On the evening of December 7, 1993, Dr. Luke Able and his wife Margaret were traveling in their minivan outbound from Houston, Texas on the U.S. Highway 290 high-occupancy vehicle or HOV lane. The Ables collided head-on with a vehicle driven by Jerry Huebner with its lights off, heading inbound the wrong direction, in the same HOV lane. Both Margaret Able and a passenger in Huebner's vehicle were killed. Dr. Able and Huebner were severely injured. Later that night at the hospital, Huebner gave a statement to Harris County Deputy Sheriff J. Keele about the accident. According to Officer Keele's supplemental accident report, Huebner remembered getting on the HOV lane traveling outbound, turning around in a park-and-ride, proceeding to a traffic light that turned from red to green and then continuing on his way. Huebner stated that this was the last thing he remembered.

Dr. Able, Margaret Able's estate, and Margaret Able's survivors, Ramona Lee Dees and Sylvia Jane Knoll, filed suit against TxDOT, the Houston Metropolitan Transit Authority (Metro), the City of Houston, and Harris County for negligence and gross negligence. The plaintiffs sued the governmental entities individually and as participants in a joint enterprise. They alleged a joint enterprise based on (1) agreements between the governmental entities, including a written agreement between TxDOT and Metro entitled "Transitways Master Operations and Maintenance Agreement" (Master Agreement), (2) common law, and (3) various provisions of the Texas Civil Practice and Remedies Code. The plaintiffs non-suited Harris County before trial, and the case proceeded against the three remaining governmental entities.

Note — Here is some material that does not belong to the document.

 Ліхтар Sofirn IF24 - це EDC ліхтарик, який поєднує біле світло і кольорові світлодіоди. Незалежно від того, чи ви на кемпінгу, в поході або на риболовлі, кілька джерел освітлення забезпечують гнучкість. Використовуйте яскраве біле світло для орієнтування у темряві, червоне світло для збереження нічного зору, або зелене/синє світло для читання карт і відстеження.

At trial, the court excluded Huebner's statements in Officer Keele's supplemental accident report. But the jury heard testimony from the plaintiffs' expert on cross examination about the possibility that Huebner intentionally drove the wrong way on the HOV lane on the night of the accident. At the trial's conclusion, the jury was asked to decide which, if any, defendants were negligent and to apportion the percentage of negligence among the defendants. The jury found that (1) Metro and Huebner, who was not a defendant, were negligent, (2) Metro was grossly negligent, (3) TxDOT and the City of Houston were not negligent, and (4) TxDOT and Metro were engaged in a joint enterprise on the date of the accident. The jury apportioned fifty percent of the negligence to Metro and the remaining fifty percent to Huebner.

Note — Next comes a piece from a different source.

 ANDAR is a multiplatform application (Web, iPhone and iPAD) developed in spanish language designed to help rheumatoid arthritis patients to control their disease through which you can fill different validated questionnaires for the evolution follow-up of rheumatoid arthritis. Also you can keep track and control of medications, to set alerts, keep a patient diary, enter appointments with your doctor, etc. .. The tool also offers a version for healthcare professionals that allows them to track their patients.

The jury awarded $1,000,000 to Dr. Able, $750,000 each to Ramona Dees and to Sylvia Knoll for the loss of their mother, and $200,000 to the Estate of Margaret Able. Based on the jury's findings, the trial court rendered a judgment against Metro for $200,000, the maximum award allowed under the Tort Claims Act, and a judgment that the plaintiffs take nothing from the City of Houston and Harris County. The trial court also rendered a judgment against TxDOT for the statutory maximum award of $500,000, based on the jury's finding that TxDOT and Metro were engaged in a joint enterprise. Of this $500,000, the court awarded $250,000 to Dr. Able and $250,000 jointly to Ramona Dees, Sylvia Knoll and the Estate of Margaret Able.

Only TxDOT appealed. In the court of appeals, TxDOT argued that it did not waive its sovereign immunity and that a judgment could not be rendered against it because the jury found that TxDOT was not negligent. TxDOT further complained that there was no evidence to support the jury's finding that TxDOT and Metro were engaged in a joint enterprise and that the trial court improperly excluded statements by Huebner that resulted in harmful error. The court of appeals overruled all of TxDOT's points of error and affirmed the trial court's judgment. 981 S.W.2d 765. TxDOT petitioned this Court for review, and we granted the petition.

II. Discussion

TxDOT makes the same arguments here that it asserted in the court of appeals. We turn first to TxDOT's complaint that there has been no waiver of sovereign immunity in the present case. The general rule is that the State has sovereign immunity unless it has been waived. See Dallas County Mental Health & Mental Retardation v. Bossley, 968 S.W.2d 339, 341 (Tex. 1998); Director of Dep't of Agric. & Env't v. Printing Indus. Ass'n, 600 S.W.2d 264, 265-66 (Tex. 1980). This immunity applies to both the State and its agencies such as TxDOT. See Lowe v. Texas Tech Univ., 540 S.W.2d 297, 298 (Tex. 1976); Tex. Civ. Prac. & Rem. Code § 101.001(2).

A. Section 101.021

Section 101.021 of the Texas Civil Practice and Remedies Code provides a limited waiver of sovereign immunity:

A governmental unit in the state is liable for:

(1) property damage, personal injury, and death proximately caused by the wrongful act or omission or the negligence of an employee acting within his scope of employment if:

(A) the property damage, personal injury, or death arises from the operation or use of a motor-driven vehicle or motor-driven equipment; and

(B) the employee would be personally liable to the claimant according to Texas law; and

(2) personal injury and death so caused by a condition or use of tangible personal or real property if the governmental unit would, were it a private person, be liable to the claimant according to Texas law.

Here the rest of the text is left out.